Cannes 2022 | Le Petit Nicolas d’Amandine Fredon et Benjamin Massoubre, charmant mais inégal

Cannes 2022 | Le Petit Nicolas d’Amandine Fredon et Benjamin Massoubre, charmant mais inégal

Le Petit Nicolas avait déjà connu l’avanie d’adaptations niaiseuses en prise de vue continue, et l’on était clairement en droit de se demander s’il était bien utile d’en rajouter avec une version animée (qui plus est sous-titrée « Qu’est-ce qu’on attend pour être heureux ? ») consistant à faire bouger les si formidables dessins de Sempé. La genèse du projet (c’était à l’origine un documentaire d’archives sur la vie des deux créateurs) et la présence au scénario d’Anne Goscinny, grande dépositaire de la mémoire et de l’œuvre de son père, nous avaient un peu rassurés.
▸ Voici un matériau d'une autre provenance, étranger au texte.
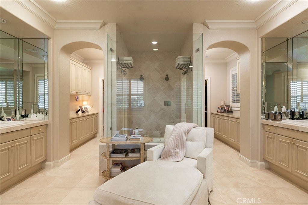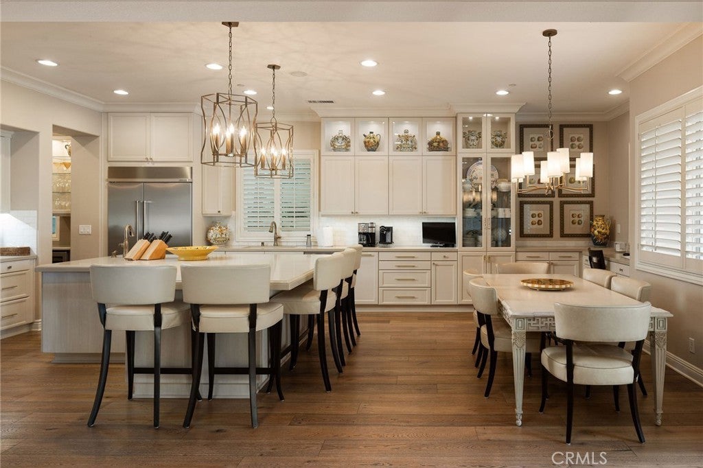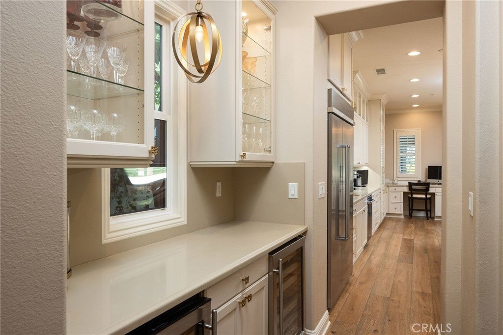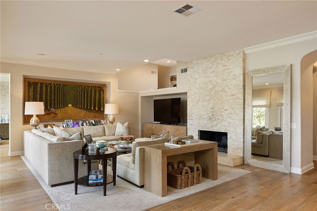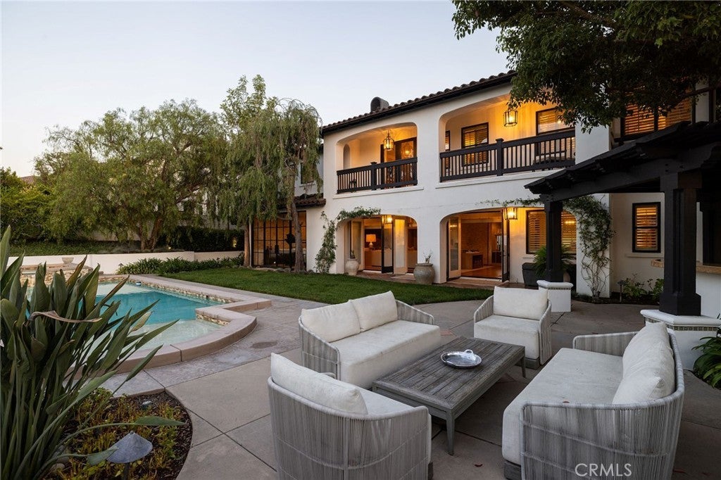 Tucked away on a private, expansive lot within the coveted gated community of San Marino in Coto de Caza, this remarkable six-bedroom residence blends timeless sophistication with modern luxury, offering panoramic vistas and a serene ambiance. From arrival, refinement defines each space. The formal living room, anchored by a grand fireplace and framed by French doors to a tranquil courtyard, sets the tone for the home’s thoughtful design and indoor-outdoor flow. Adjacent is a beautifully appointed formal dining room, perfect for entertaining. At the heart lies a reimagined gourmet kitchen with professional-grade appliances, an expansive island, cozy breakfast nook, and state-of-the-art butler’s pantry with beverage and wine refrigerators. The family room boasts a dramatic stacked-stone fireplace, integrated surround sound, and access to the breathtaking outdoor entertaining area. The main level also features a sophisticated executive office with custom built-ins and a generous guest suite with private bath and French steel doors to the garden. A spacious 3-car garage with built-in storage adds convenience. Ascend a private staircase to the opulent primary suite with fireplace, sitting room, home gym, and a sweeping balcony framing uninterrupted Saddleback Mountain views. The spa-inspired bath offers artisan tile, dual vanities, jetted tub, oversized walk-in closet, and dual-entry walk-in shower. The upper level includes three additional bedrooms, a versatile bonus room with custom cabinetry, and a detached guest casita with ensuite bath and private entrance. Outside, manicured grounds and landscape lighting frame a saltwater pool and spa, covered alfresco dining pavilion with built-in BBQ and bar, and a custom fireplace enclave with built-in seating. Ideally located near award-winning schools, the Coto de Caza Golf & Racquet Club, and scenic trails, this home embodies elevated California living with timeless style and thoughtful detail.

Le  projet, faire dialoguer le personnage avec ses créateurs, en gardant l’esprit d’origine, était également assez séduisant sur le papier. 

Et il faut reconnaître qu’Amandine Fredon et Benjamin Massoubre ont réussi à faire s’incarner à l’écran une partie du charme des ouvrages, quelque chose de la petite musique originale de Sempé et Goscinny. Cela passe, curieusement, moins par l’adaptation des histoires (tronquées, et souvent affadies par rapport à l’ironie de départ) que par les idées visuelles qui sont à leur service. Il y a notamment les bulles de pensées qui apportent un contrepoint malicieux aux situations, ou la manière dont les lieux et les personnages naissent littéralement sous le crayon de Sempé, et devant nos yeux émerveillés.

C’est d’ailleurs clairement dans la genèse de l’univers du Petit Nicolas, et dans les interactions entre ses deux auteurs, que réside le principal intérêt du film. Même si les voix (celles d’Alain Chabat et Laurent Lafitte) jouent souvent la bonhomie et la jovialité forcées (« Je pense qu’on va bien rigoler » insistent-ils lourdement en début de film), il y a beaucoup de tendresse et d’humour dans les séquences qui mettent en scène Sempé et Goscinny avec leur personnage ou reviennent sur des éléments marquants de leur vie.

Mais peut-être parce que le film parvient à ménager ces petits moments de grâce quand il traite de la « réalité », il parvient moins à convaincre dans son adaptation parfois laborieuse de l’oeuvre elle-même. Comme s’ils n’avaient pu s’empêcher de sacrifier à la frénésie ambiante dans le cinéma d’animation jeune public, Amandine Fredon et Benjamin Massoubre maintiennent un rythme effréné dans la narration, couplé avec une musique tonitruante qui noie toute subtilité. On a par moments l’impression d’assister à une version accélérée des célèbres « histoires » du Petit Nicolas, réduites à des bribes survoltées et mal dégrossies.

Ce déséquilibre vient probablement du coeur-même du projet, ce difficile grand écart entre l’aspect biopic qui s’adresse plutôt aux adultes et l’adaptation des histoires qui cherche en priorité à séduire le jeune public – et se sent obligée de le faire comme ça. Cela ne retire rien au plaisir un peu régressif que l’on éprouvera devant le film, comme devant un joli objet au charme déjà un peu suranné.